Verjus trained as a physician but worked in the corporate world for 18 years running a packaging company. At his job, he traveled the globe and expanded his love and curiosity of food by visiting markets, studying products, and absorbing different cultures. Eventually leaving his long-time job to pursue his passion for food, Verjus was approached by the prestigious French book publisher Gallimard to write a series of food books, using his extensive knowledge of new and existing products plus recipes. This led to writing food guides and his own blog, then a weekly 30-minute podcast with his friend Alain Kruger as producer. “Ne parle pas la bouche pleine” (Don’t Talk With Your Mouth Full) aired for four years and guests included food professionals, artists, writers, architects, dancers, actors, philosophers, and filmmakers.
In 2013 Verjus came full circle with his many years of culinary experience and opened his first restaurant, Table (3 rue de Prague, Paris, France. Tel: +33-1434-31226. www.tablerestaurant.fr).
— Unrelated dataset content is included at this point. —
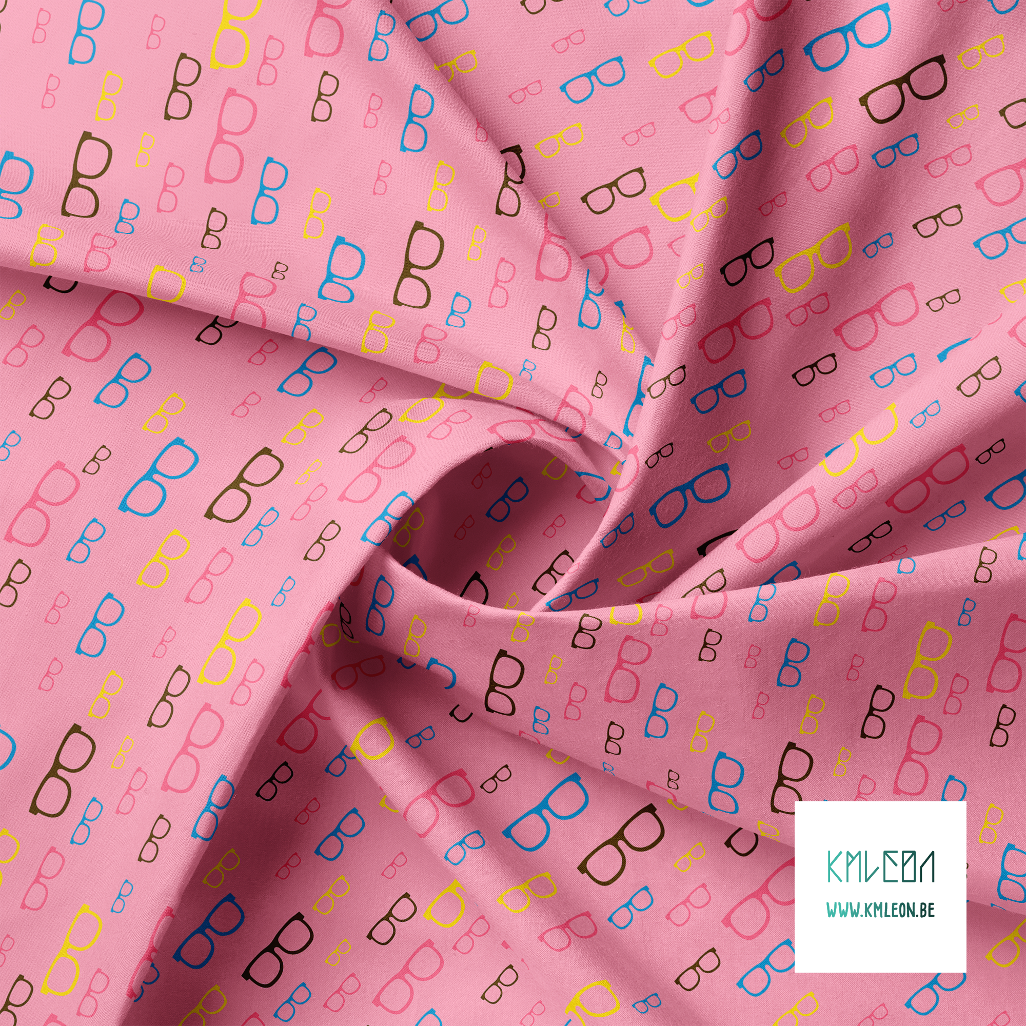 Brown, blue, pink and yellow glasses fabric

The minimally designed space of slate and limestone seats 46. In addition, a few doors down is a private event space and dining room that holds 14 people.
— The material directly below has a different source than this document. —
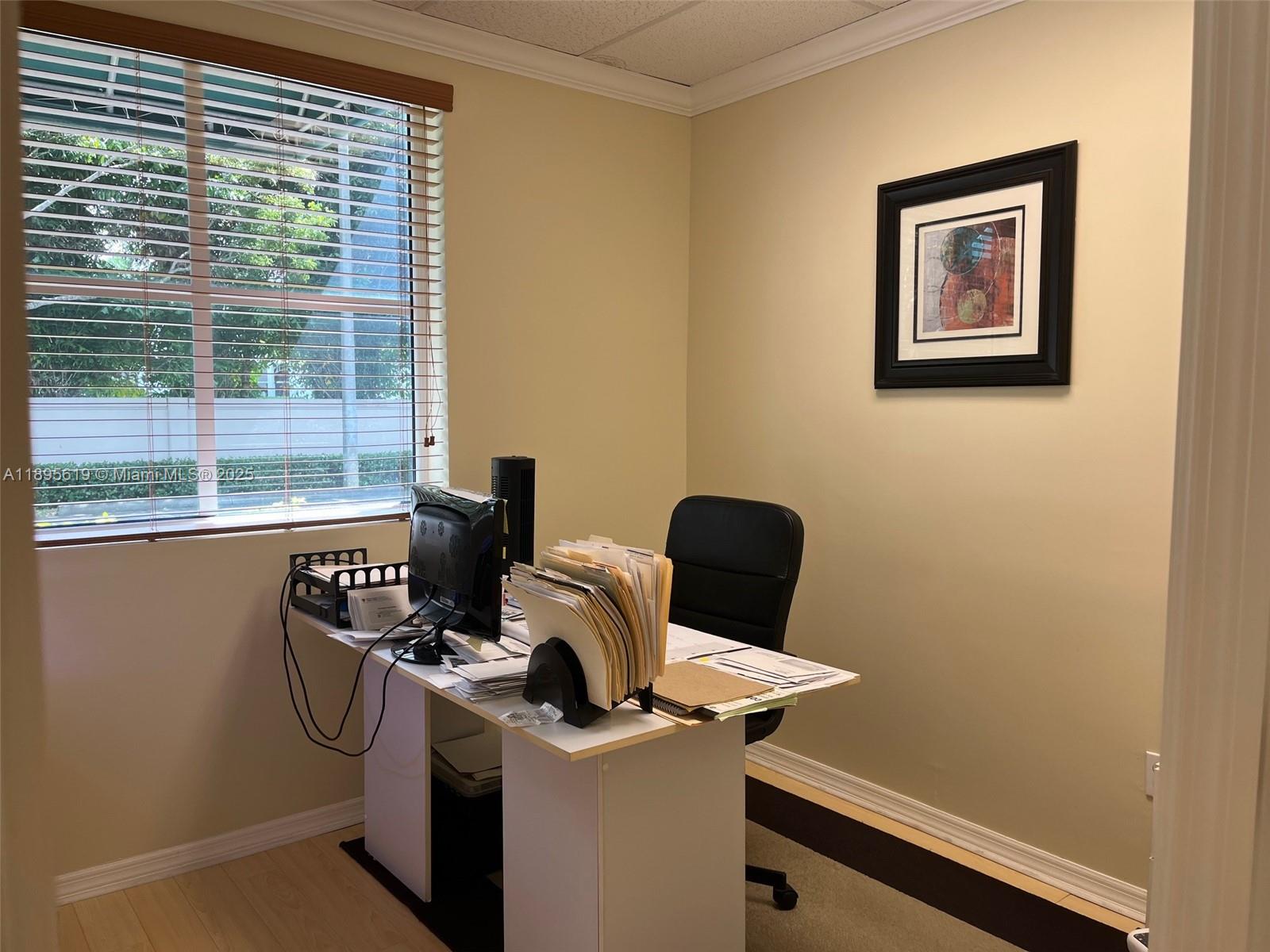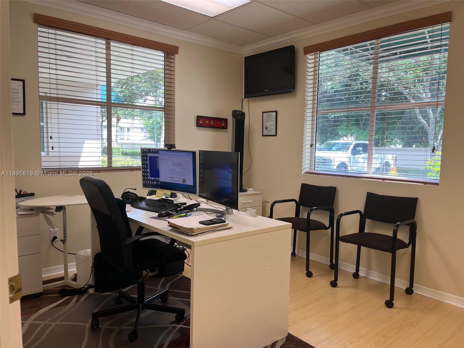 Corner Office for Lease at University Place, Davie! Modern and bright first-floor corner office with excellent visibility and abundant natural light. The functional layout includes multiple private offices, a welcoming waiting area, a conference room with TV, and a private bathroom. It also features a kitchenette with refrigerator and microwave. Fully renovated and move-in ready, this office offers high ceilings that enhance the sense of space and create a pleasant workspace. Surface parking provides convenient access for employees and clients. Perfectly situated just minutes from I-595 and the Turnpike, and close to restaurants, cafés, and shops, this office combines comfort, visibility, and convenience in one of Davie’s most sought-after locations.

Verjus sources his products from far and away, working closely with producers from Belgium, Spain, Italy and Scotland, having them provide seasonally available products. The philosophy is not to order specific products but instead have the producers send their freshest products at the best time, so on a day-to-day basis he never knows what he’s going to cook and diners don’t know in advance what’s on the menu.
You grew up in the French countryside near Lyon. What are some of your first memories around food when you were growing up?
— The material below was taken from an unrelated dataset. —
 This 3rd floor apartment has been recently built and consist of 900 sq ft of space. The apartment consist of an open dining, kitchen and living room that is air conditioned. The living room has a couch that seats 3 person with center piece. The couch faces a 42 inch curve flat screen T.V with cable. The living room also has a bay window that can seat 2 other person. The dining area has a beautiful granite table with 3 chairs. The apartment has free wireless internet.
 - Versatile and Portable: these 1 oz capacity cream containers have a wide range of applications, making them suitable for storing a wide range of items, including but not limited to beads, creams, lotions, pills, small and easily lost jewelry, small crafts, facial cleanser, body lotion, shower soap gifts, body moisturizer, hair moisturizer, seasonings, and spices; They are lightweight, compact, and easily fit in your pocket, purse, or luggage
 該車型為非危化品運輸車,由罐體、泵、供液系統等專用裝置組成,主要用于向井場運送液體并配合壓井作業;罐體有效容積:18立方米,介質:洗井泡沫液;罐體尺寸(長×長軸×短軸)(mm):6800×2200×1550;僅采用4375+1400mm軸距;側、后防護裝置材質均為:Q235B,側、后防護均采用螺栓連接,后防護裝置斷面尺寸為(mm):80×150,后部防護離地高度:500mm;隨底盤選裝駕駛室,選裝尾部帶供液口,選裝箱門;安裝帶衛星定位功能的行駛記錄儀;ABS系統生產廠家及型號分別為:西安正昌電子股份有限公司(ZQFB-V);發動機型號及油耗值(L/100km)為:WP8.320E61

I lived almost at the edge of a beautiful river, the Renaison, near Roanne, a city of great gastronomy with the award-winning Troigros (three-stars) chocolatier François Pralus and cheesemaker Hervé Mons, one of “the best artisans in France. “I loved going off exploring to catch wild trout, and gathering apples fallen from the trees bordering the river. I also loved the strong perfume of the mint I’d pick along the paths…a whole universe of scents of clear water, of mucus from caught fish, of crushed wild mint.
Where did you first learn to cook, and what dishes did you made?
I learned to cook by watching my mother, my aunt, and my father on the weekends. I really loved helping in the kitchen, in fact I still love tasting everything. Later I met Pastry Chef Pierre Hermé, who became my best friend, and together we have visited kitchens of the great chefs all over the world.
You were in the corporate world for some years and then became a food writer for cookbooks, magazines, and your own blog. Why did you leave corporate life and what was the transition like?
I learned there a sense of human relations with collaborators and clients. I also learned how to treat daily details as micro-objectives on the way to achieving the larger objective of a great success.
You’ve traveled extensively. What were your favorite culinary experiences?
I love the parts of Thailand on the sea and river, and Japan and the Philippines. Italian cuisine and particularly that of the Aeolian Islands, is a favorite. I love fish raw or cooked, green rice, capers, warm ripe tomatoes ready to burst open, wild herbs, exotic plants, the scent of burning wood mixed with fish grilling on the beach.
What made you decide to open a restaurant?
I felt the need to move on from word to action. Preaching my philosophy ‘the way we eat determines the way we live’ could only become reality by feeding other people. This was the idea behind starting Table.
You source your ingredients from small producers and farms, sometimes very far from Paris. Who are your favorite suppliers and what are their specialties?
I very much appreciate the beautiful wild fish from the Isle of Yeu, the vari- eties of long-bred chickens from the Ruchotte Farm near Beaune, the capers from Salina, and the butter from the ‘red cows’ of Flanders of La Somme in the far north of France.
Do you have plans to open a second restaurant?
Yes, we plan to open another Table in Paris in 2017, in a space with an extraordinary history and beauty. It will be called Table Royale. But I can’t say anything more just yet.